◆ **Goal of the exercise**
Each line from the one that contains "Absolutely stunning vintage" to the end of the entries must be copied word for word, and only those lines.

[Opening Listed entries section]

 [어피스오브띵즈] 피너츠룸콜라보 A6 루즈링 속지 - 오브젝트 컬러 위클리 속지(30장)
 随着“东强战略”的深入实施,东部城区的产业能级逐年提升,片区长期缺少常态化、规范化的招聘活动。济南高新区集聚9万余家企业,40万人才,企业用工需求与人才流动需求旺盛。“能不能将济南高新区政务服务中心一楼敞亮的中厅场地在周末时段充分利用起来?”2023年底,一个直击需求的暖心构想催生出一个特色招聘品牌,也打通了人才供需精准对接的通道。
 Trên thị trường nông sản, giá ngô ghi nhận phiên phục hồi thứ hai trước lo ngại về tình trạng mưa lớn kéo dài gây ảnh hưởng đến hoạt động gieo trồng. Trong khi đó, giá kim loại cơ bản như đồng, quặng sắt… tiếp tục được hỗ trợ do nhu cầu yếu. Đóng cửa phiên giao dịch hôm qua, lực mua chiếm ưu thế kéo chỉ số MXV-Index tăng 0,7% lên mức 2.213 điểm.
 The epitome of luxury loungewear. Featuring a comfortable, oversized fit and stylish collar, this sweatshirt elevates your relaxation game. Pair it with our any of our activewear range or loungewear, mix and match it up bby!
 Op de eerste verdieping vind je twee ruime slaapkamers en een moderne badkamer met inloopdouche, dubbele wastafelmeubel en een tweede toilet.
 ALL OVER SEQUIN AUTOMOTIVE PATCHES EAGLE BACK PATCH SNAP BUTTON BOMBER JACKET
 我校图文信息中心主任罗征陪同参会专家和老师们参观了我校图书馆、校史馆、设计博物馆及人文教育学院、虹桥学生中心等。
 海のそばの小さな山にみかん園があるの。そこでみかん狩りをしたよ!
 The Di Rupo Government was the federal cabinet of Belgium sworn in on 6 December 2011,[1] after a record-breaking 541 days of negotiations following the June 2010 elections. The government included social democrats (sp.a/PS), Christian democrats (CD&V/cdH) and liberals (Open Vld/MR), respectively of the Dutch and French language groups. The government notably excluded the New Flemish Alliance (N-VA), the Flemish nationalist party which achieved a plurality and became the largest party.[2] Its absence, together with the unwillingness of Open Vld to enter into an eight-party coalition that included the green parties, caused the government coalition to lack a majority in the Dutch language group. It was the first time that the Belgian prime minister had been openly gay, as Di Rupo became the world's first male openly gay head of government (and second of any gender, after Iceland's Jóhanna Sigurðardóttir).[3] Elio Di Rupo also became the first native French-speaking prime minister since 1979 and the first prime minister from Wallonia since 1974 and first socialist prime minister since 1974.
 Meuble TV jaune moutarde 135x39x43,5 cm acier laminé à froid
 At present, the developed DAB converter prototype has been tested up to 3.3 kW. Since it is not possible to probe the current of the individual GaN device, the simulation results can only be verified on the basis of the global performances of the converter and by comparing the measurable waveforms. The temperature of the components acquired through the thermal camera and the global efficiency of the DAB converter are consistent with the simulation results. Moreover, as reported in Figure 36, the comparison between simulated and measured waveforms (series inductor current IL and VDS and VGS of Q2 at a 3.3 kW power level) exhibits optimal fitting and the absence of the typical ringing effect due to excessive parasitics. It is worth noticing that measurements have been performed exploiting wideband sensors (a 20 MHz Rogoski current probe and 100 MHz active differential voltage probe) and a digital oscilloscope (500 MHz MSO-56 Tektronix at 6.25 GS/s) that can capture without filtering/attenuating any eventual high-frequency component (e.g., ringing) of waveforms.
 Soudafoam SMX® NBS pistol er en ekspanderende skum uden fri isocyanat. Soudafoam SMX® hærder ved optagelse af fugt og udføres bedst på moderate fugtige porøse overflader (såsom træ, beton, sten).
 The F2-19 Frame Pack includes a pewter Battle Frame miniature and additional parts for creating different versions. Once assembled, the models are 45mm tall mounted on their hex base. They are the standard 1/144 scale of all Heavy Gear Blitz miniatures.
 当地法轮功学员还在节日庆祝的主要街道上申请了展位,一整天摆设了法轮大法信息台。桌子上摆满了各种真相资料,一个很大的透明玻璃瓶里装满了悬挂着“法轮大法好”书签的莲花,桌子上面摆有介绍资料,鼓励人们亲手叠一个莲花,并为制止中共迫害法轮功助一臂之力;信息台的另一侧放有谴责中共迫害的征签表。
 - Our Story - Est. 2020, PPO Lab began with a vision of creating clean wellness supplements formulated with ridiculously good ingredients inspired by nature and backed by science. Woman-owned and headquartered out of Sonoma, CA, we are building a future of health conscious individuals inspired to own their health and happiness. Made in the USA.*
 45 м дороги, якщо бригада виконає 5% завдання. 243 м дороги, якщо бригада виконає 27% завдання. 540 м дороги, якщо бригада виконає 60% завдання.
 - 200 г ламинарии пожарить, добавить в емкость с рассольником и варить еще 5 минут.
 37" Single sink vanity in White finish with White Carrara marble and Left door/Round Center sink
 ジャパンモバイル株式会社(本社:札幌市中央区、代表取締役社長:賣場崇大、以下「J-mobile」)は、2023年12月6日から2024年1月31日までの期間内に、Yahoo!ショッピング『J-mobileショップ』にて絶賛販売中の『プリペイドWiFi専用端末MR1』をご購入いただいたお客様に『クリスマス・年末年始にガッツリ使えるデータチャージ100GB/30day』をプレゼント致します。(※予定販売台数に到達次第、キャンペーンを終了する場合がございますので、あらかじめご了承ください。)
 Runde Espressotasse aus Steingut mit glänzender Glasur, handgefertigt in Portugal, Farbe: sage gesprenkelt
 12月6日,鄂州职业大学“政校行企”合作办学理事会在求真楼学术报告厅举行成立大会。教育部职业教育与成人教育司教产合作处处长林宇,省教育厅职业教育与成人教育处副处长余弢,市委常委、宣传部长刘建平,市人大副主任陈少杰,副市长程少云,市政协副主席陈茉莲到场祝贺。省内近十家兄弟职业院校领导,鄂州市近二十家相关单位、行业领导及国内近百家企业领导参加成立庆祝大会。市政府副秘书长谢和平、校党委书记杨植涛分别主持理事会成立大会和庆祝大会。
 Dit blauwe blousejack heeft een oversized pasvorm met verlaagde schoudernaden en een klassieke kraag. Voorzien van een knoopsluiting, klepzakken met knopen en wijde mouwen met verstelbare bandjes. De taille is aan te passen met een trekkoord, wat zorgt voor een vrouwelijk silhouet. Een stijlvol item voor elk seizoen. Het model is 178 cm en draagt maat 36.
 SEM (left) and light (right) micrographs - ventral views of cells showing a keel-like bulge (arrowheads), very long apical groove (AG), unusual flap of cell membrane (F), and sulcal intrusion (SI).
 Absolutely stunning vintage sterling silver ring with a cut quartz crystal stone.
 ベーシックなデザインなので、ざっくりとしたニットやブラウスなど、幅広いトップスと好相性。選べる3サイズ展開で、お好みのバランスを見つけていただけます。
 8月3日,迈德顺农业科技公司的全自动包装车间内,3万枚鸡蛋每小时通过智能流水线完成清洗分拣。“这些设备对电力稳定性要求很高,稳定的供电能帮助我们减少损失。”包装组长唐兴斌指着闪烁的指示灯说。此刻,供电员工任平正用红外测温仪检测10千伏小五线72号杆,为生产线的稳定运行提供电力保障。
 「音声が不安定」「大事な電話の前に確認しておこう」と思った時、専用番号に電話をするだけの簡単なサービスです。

[Closing Listed entries section]

◆ **Response box**
 Absolutely stunning vintage sterling silver ring with a cut quartz crystal stone.
 ベーシックなデザインなので、ざっくりとしたニットやブラウスなど、幅広いトップスと好相性。選べる3サイズ展開で、お好みのバランスを見つけていただけます。
 8月3日,迈德顺农业科技公司的全自动包装车间内,3万枚鸡蛋每小时通过智能流水线完成清洗分拣。“这些设备对电力稳定性要求很高,稳定的供电能帮助我们减少损失。”包装组长唐兴斌指着闪烁的指示灯说。此刻,供电员工任平正用红外测温仪检测10千伏小五线72号杆,为生产线的稳定运行提供电力保障。
 「音声が不安定」「大事な電話の前に確認しておこう」と思った時、専用番号に電話をするだけの簡単なサービスです。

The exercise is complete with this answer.